Вдруг меня кто-то хлопнул по плечу. Раздался громкий, радостный голос: «Черт побери, парень, неужто это ты!?»

Я открыл глаза и увидел над собою знакомое лицо. Я вскочил, закричал и обвил руками мощную фигуру Гуллисона. Он стал звать голландца. «Пайт, наш мальчишка нашелся, да при нем еще и мешок с припасами. Спустись-ка сюда! Не можешь, что ли?»

С грубоватой нежностью он погладил меня своей лапой по лицу, едва не переломил мне носа, потом стащил ко мне голландца. «Его дело плохо – шепнул он мне по-немецки. – На него навалился ствол, и думаю, что он… ну, словом!..»

Затем мы уселись, и пошли рассказы. Свет моего огня привлек их к моему логовищу. Они провели кошмарную ночь под открытым небом. Голландец слушал, молча, скорчившись. Иногда он хватался рукой за живот и со стоном нагибался вперед.

Оба они потеряли свою провизию. Мы зажарили кусок моего сала и поели. Голландец отказался от пищи.

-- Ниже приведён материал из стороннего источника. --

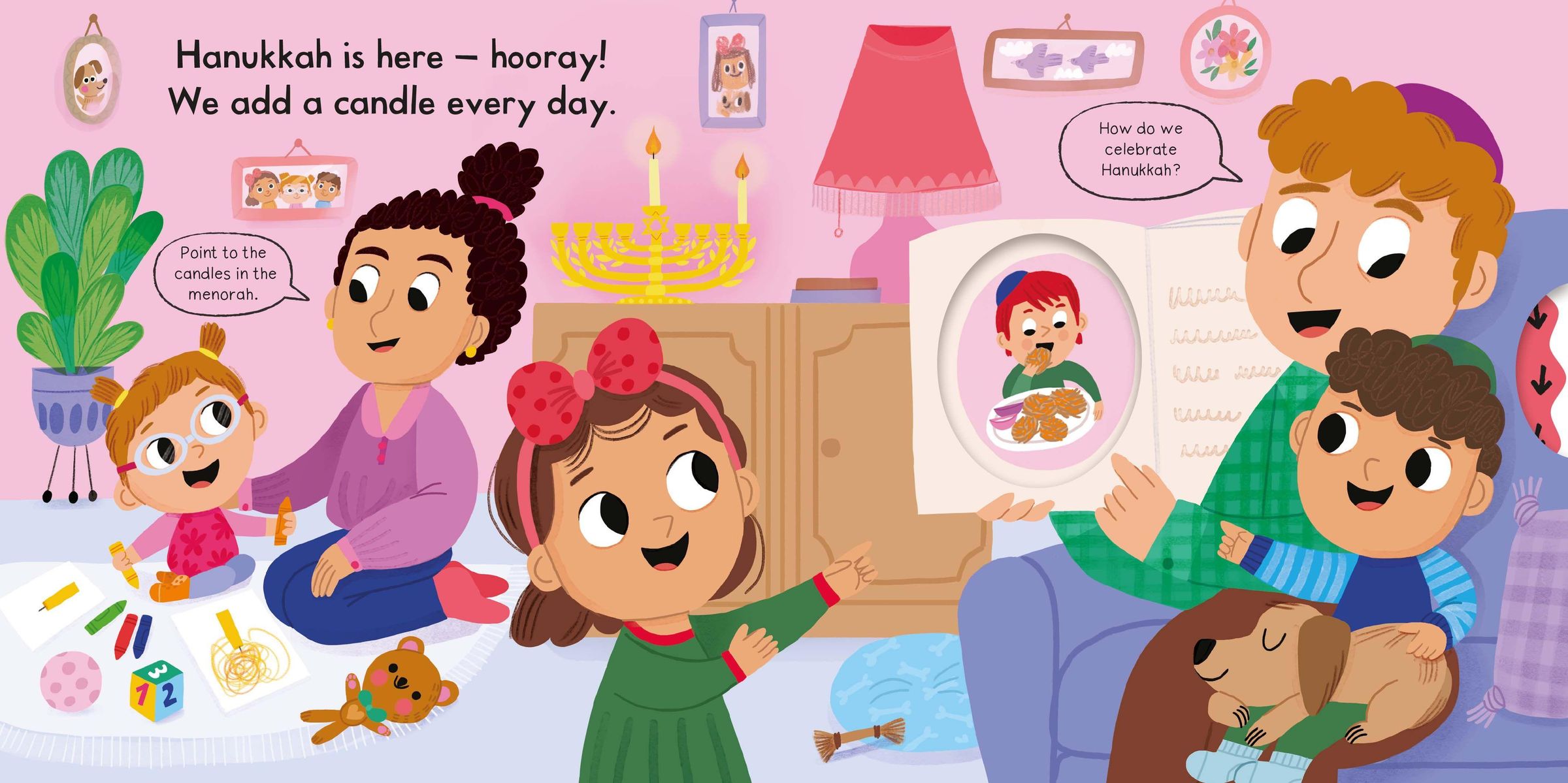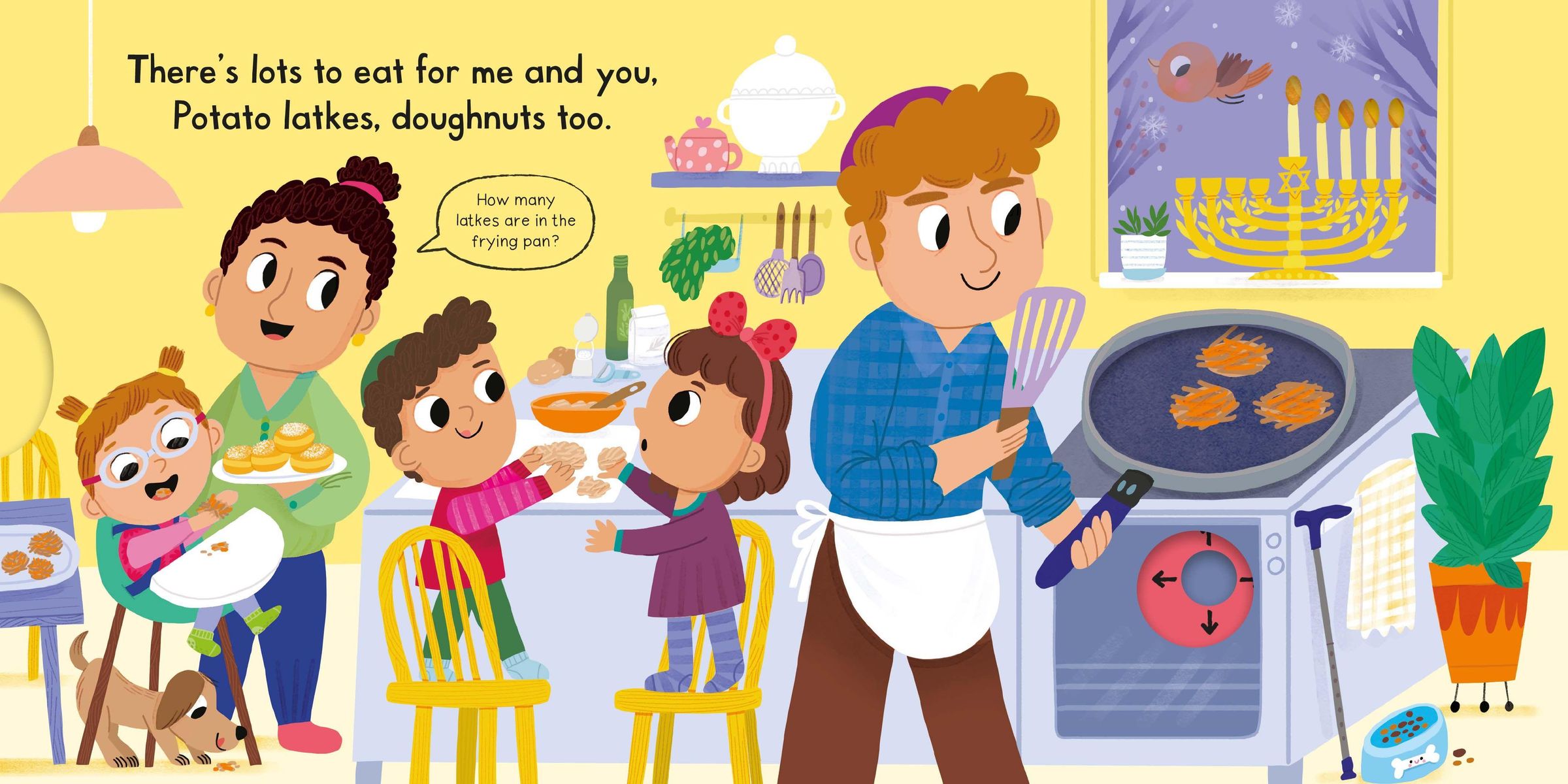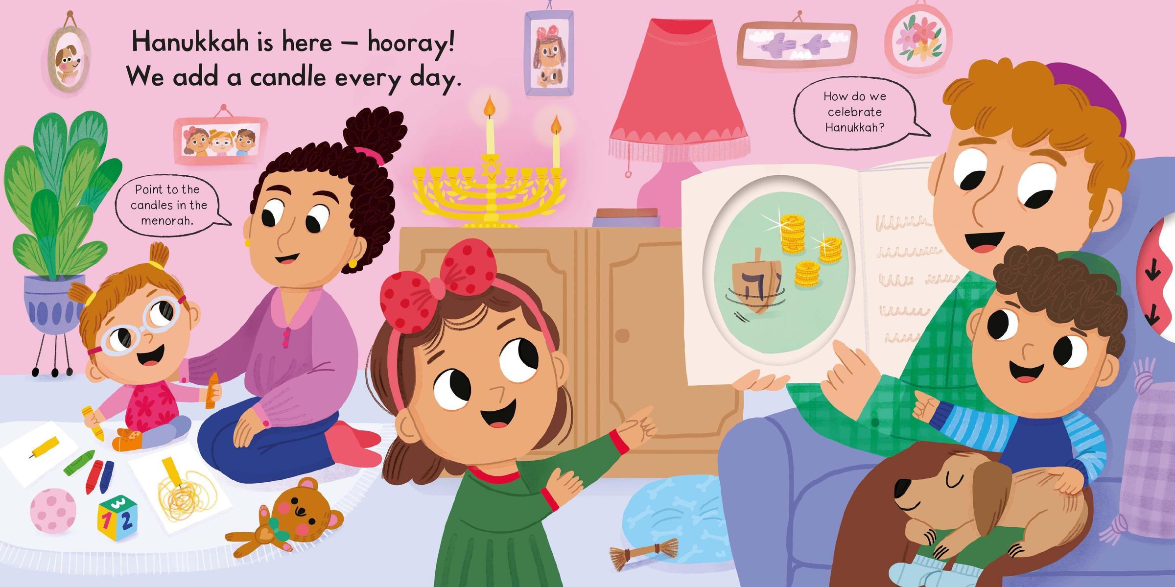 Push, pull and slide the tabs to celebrate the festival of Hanukkah in Busy Hanukkah! Join in to learn about the celebration, make yummy potato latkes, play a game of dreidl and light the menorah.

Потом мы немного поспали, а на рассвете убедились в том, что метель не улеглась, а, пожалуй, даже усилилась.

Гуллисон, к счастью не потерявший своего топора, целый день рубил дрова, разводил костер, перевязывал и лечил мою рану, кипятил чай для голландца, который отказывался от всего другого. Так просидели мы весь день и всю ночь, следующий день и следующую ночь, прислушиваясь к дикому завыванию бури, которой казалось не будет конца. Мы безнадежно вглядывались в хмурое мерцание дневного света, который под возраставшим снежным покровом скудно проникал в наше убежище.

Снег валил и валил, собирать сучья для костра становилось все труднее, провизия наша приходила к концу, нашему бедному товарищу становилось все хуже. Он не жаловался, целыми часами молчал и видно было, что он нестерпимо страдает.

На третью ночь мы сидели безмолвно, съежившись у костра. Голод и холод одолевали нас. Когда я шепотом спросил Гуллисона: «Что с голландцем, Гендрик?» – он ответил спокойно: «Давно умер. Ты бы лучше спал, парень!»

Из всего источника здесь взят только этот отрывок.